O biólogo Antônio F. Carvalho, pesquisador do Instituto Nacional da Mata Atlântica (Inma), em Santa Teresa, na Região Serrana do Espírito Santo, realizou um estudo que desvendou uma rede on-line de tráfico de abelhas-sem-ferrão em todo o Brasil, com valores que variam de R$ 700 a R$ 5 mil.
Em artigo publicado nesta quarta-feira (1º) na revista "Insect Conservation and Diversity", o pesquisador revelou que o comércio ilegal de ninhos de abelhas-sem-ferrão realizado na internet é uma das principais ameaças à conservação de espécies brasileiras.
As abelhas-sem-ferrão são responsáveis por polinizar árvores em florestas tropicais e de plantas comerciais, sendo muito utilizadas no Brasil para a produção de mel, atividade conhecida como meliponicultura.
Segundo o Inma, o tráfico dessas espécies para regiões em que não são nativas facilita a disseminação de parasitas e predadores, contribuindo para o desaparecimento das abelhas.
"Muitas discussões estão focadas nos efeitos do aquecimento global na biodiversidade, mas temos questões muito urgentes para tratar.

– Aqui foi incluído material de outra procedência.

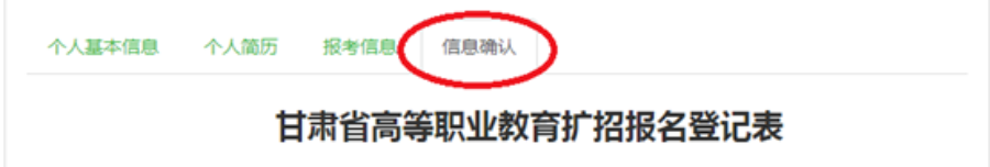 12.第四步,信息確認。考生請認真核對“甘肅省高等職業(yè)教育擴招報名登記表”中所生成的各項信息是否準確無誤,尤其是“報考院?!奔啊皩I(yè)”是否與本人填報的報考信息一致。如提交后需要修改,請點擊“取消提交個人信息,撤回”,再對需要修改的項目進行修改。
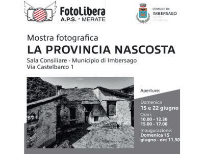 18 Giugno, 2025Mostra fotografica di FotoLibera A.P.S. “La Provincia Nascosta” Dove : A Imbersago nel palazzo comunale Qua...
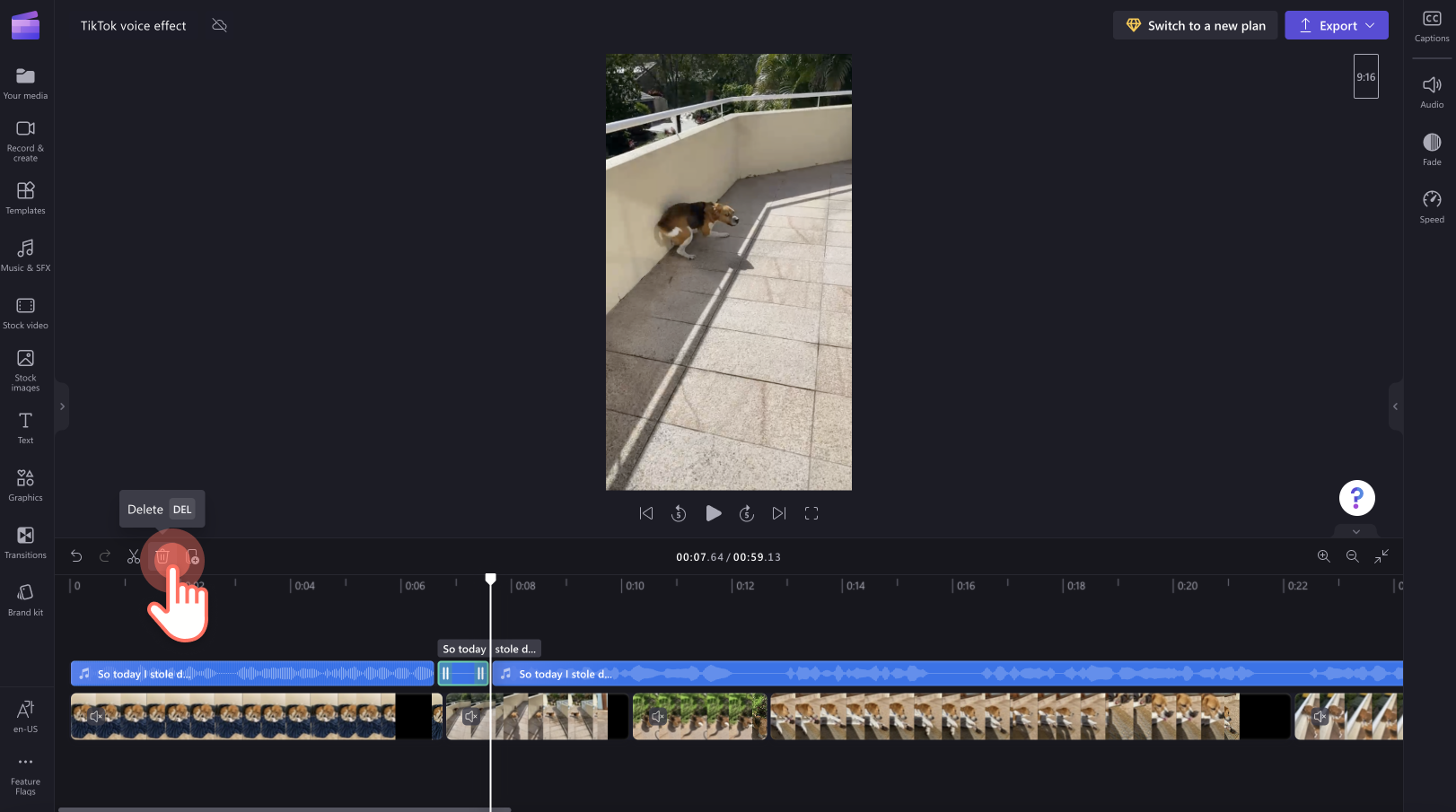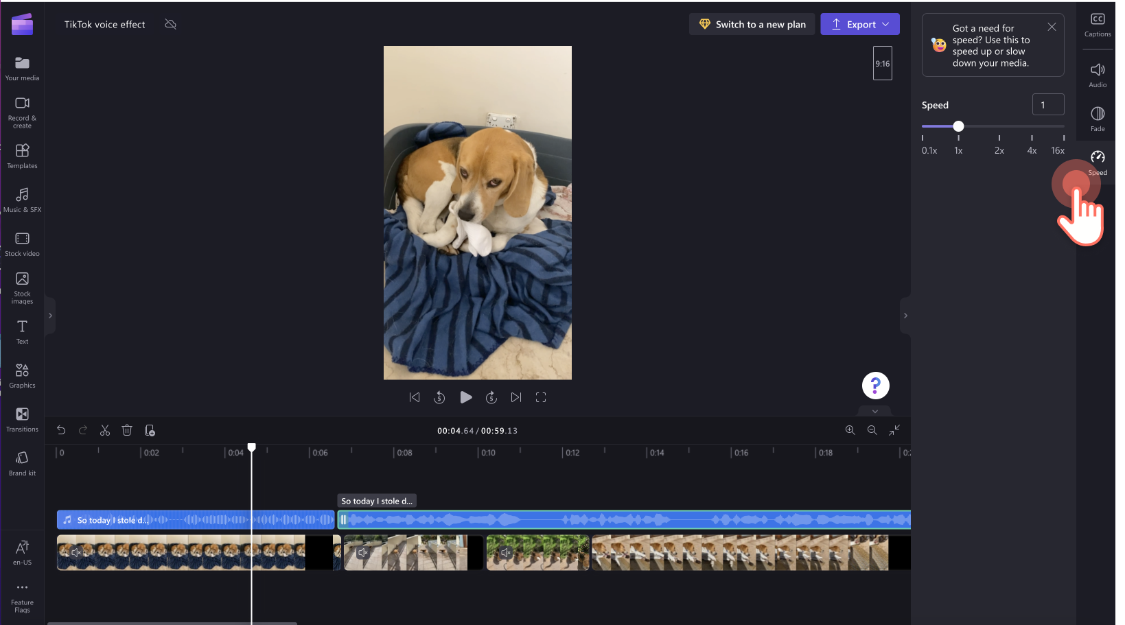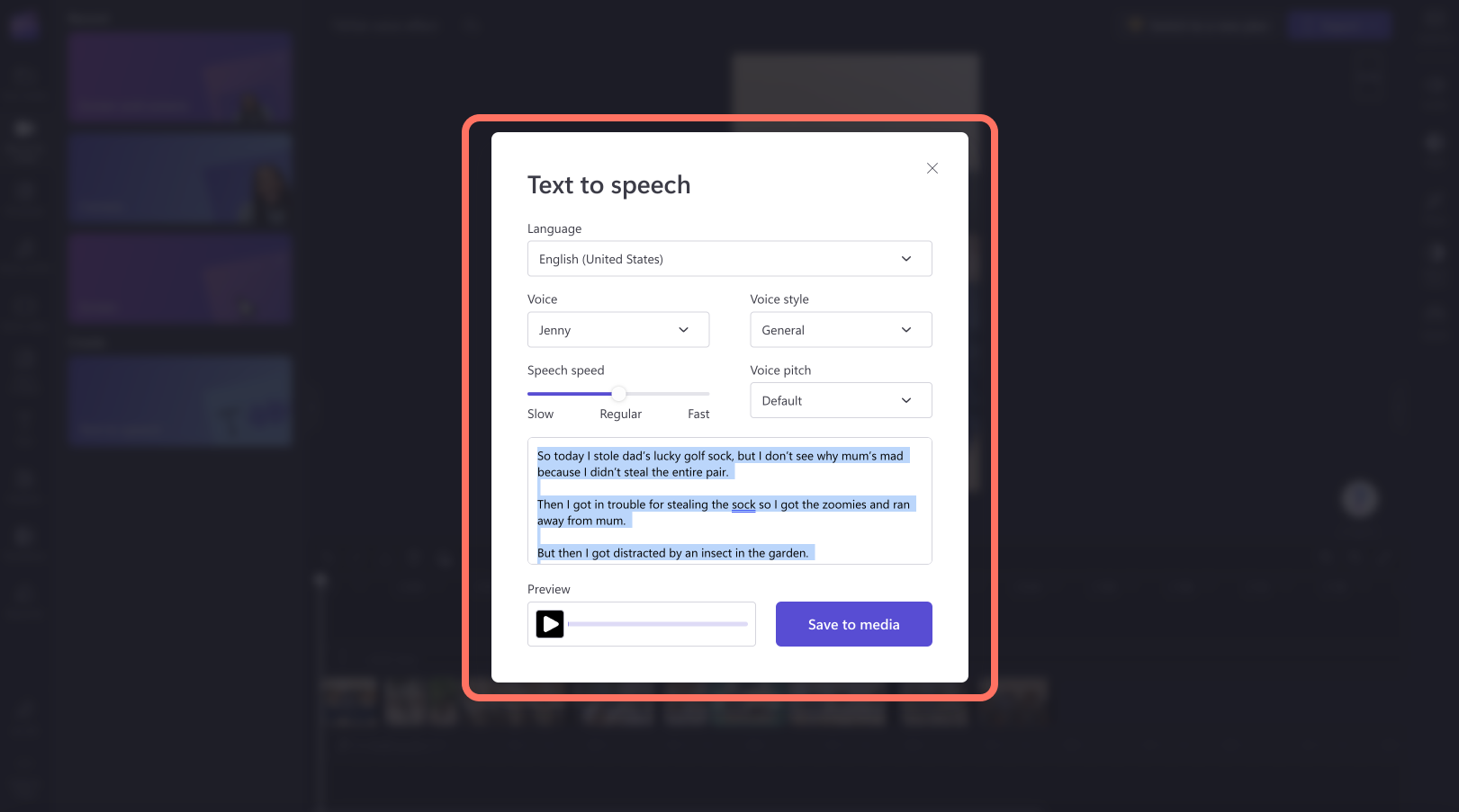 Но не е нужно винаги да използвате съществуващите гласове на Tiktok. Няма нужда да се влагате в бокс в. Създайте свой собствен гласов ефект с текста на производителя на реч в ClipChamp, който ви дава творческа свобода да издавате напълно уникални звуци на различни езици, акценти и скорости. Нашата технология Advanced AI Voiceover има изобилие от фини настройки и ефекти, за да оживее вашите идеи. По -добре е, че можете да използвате отново своя уникален звук за други видеоклипове в социалните медии и автоматично да генерирате надписи в clipchamp. Вижте този бърз урок.

Espécies sumirão da natureza devido ao tráfico muito antes que o clima consiga afetá-las negativamente”, esclarece o pesquisador.
Entre as espécies mais cobiçadas para a venda ilegal estão a mandaguari (Scaptotrigona spp), e a uruçu-capixaba (Melipona capixaba) e a uruçu-nordestina (Melipona scutellaris), sendo que as duas últimas em perigo de extinção.
A pesquisa localizou vendedores em 85 cidades brasileiras, sendo a maioria em regiões próximas da Mata Atlântica. Foram 308 anúncios de venda observados no estudo.
As colônias são vendidas a preços que variam de R$ 700 a R$ 5 mil, e comercializadas em caixas de madeira de diversos modelos ou em iscas de garrafas pet. Os ninhos são retirados da natureza e as abelhas são levadas para longas distâncias, sobretudo para localidades fora das áreas de onde são nativas.
Além das abelhas produtoras de mel, também são vendidas ilegalmente espécies sem potencial para a produção melífera, como a boca-de-sapo (Partamona helleri) e mombucão (Cephalotrigona capitata), cujo mel não apresenta sabor palatável.
"Esses dados revelam um preocupante mercado de criadores e de colecionadores ávidos pelos mais diferentes grupos, independente do potencial produtivo da espécie em alguns casos”, analisou o pesquisador
De acordo com Antônio, o Brasil é o maior produtor de mel do mundo e, apesar de a atividade ser o desejo de quem comercializa de forma ilegal as abelhas, não pode ser colocada como culpada.
"A meliponicultura não é a vilã dessa história. A atividade pode, ao contrário, contribuir para a conservação das abelhas, evitando a ação dos meleiros, pessoas que exterminam colônias somente para retirar o mel. Ninhos manejados por meliponicultores podem produzir mel e ser multiplicados por muitos anos", explicou.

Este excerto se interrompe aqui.